No amount of cheerful activity from a big, lively city could dispel the somberness of that building. I went outside and, as though I had escaped from a prison cell, strode to the street that I’d heard led to the small city center, hoping to vanish into the bustle. After a while I asked an old man the way to downtown, and he answered me in English.

“You are downtown.” I looked around and saw a few shops, all of them closed. Yes, I had seen other dreary places in my life, but never anything quite as dreary as a Dutch town. You feel as if time has long stood still. Through the windows you see elderly, solitary people sitting under soft, elderly light, and at their feet an elderly dog. Solitude more solitary than all solitude. Only the gas heaters and the furnaces give off warmth; don’t expect an ounce of warmth from a face. I walked from the town center to the sea. There, I watched the waves. Ah, I believe that whoever understands the sea never needs a psychiatrist. Those endless waves and the distant horizon. The sea is the only visible eternity on Earth. I breathed deeply. The sea air—washed for thousands of miles with blue, freedom, and sails—entered my lungs.
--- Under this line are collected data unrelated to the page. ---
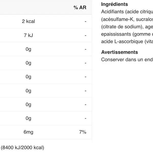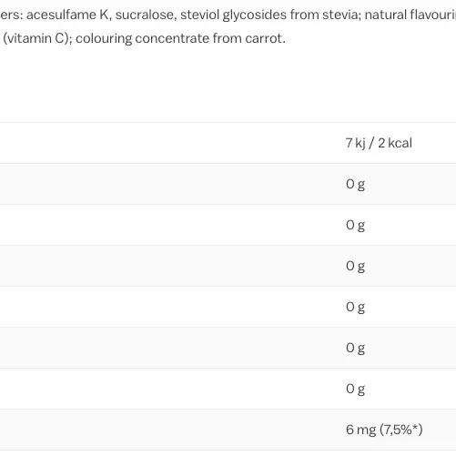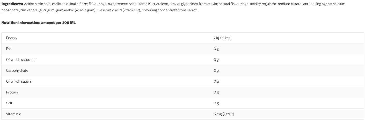 acids( citric acid, malic acid), maltodextrin, flavourings, sweeteners( acesulfame K, sucralose, steviol glycosides from stevia), acidity regulator( sodium citrate), anti-caking agent( calcium phosphates), thickener( guar gum, gum arabic), L-ascorbic acid( Vitamin C), colours( carrot concentrate)
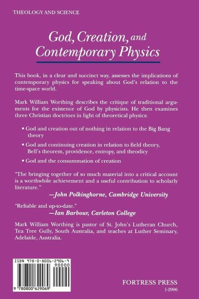 Worthing describes the critique of traditional arguments for God's existence by physicists. He then examines three Christian doctrines in light of theoretical physics--God and creation out of nothing in relation to the Big Bang Theory; God and continuing creation in relation to field theory, Bell's theorem, providence, entropy, and theodicy; and God and the consummation of creation.
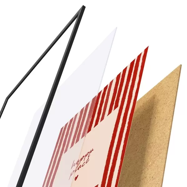 Plagát sa skladá z rámu, plexiskla, vytlačeného obrazu a podkladu z drevotriesky. Plagát možno okamžite zavesiť na stenu vďaka úchytom na zadnej strane.
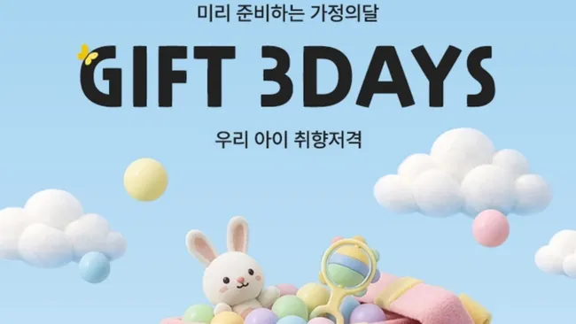 SSG닷컴이 4월 20~22일 '유아동 GIFT 3 DAYS' 행사를 통해 완구·패션·육아용품을 최대 27% 할인한다. 5월 1일 노동절 공휴일 지정으로 연휴가 길어지면서 선물 구매 시점이 앞당겨졌다.

In wartime 1991, during the bombardment of Baghdad, when heaven and earth had become one great hell, I once watched a father try to convince his frightened child of about five that what he saw was really just fireworks. Instead of reassuring the child, he actually reassured me. In thorny situations, the way you look at things is sometimes the only chink through which you can escape from reality. Ever since that day, whenever I experience difficult situations I think of that father, of that trembling child, of the quaking ground and shattered windows, and in my mind I alter what is happening in my life at that moment. So there on the beach I shut my eyes, smelled the sea air, and changed the ASC into a free hostel. My breathing gradually returned to normal, and I felt better as I walked back to spend my first night in the ASC.

From that day on, whenever possible, I would go every day to sit at that very same spot on the beach.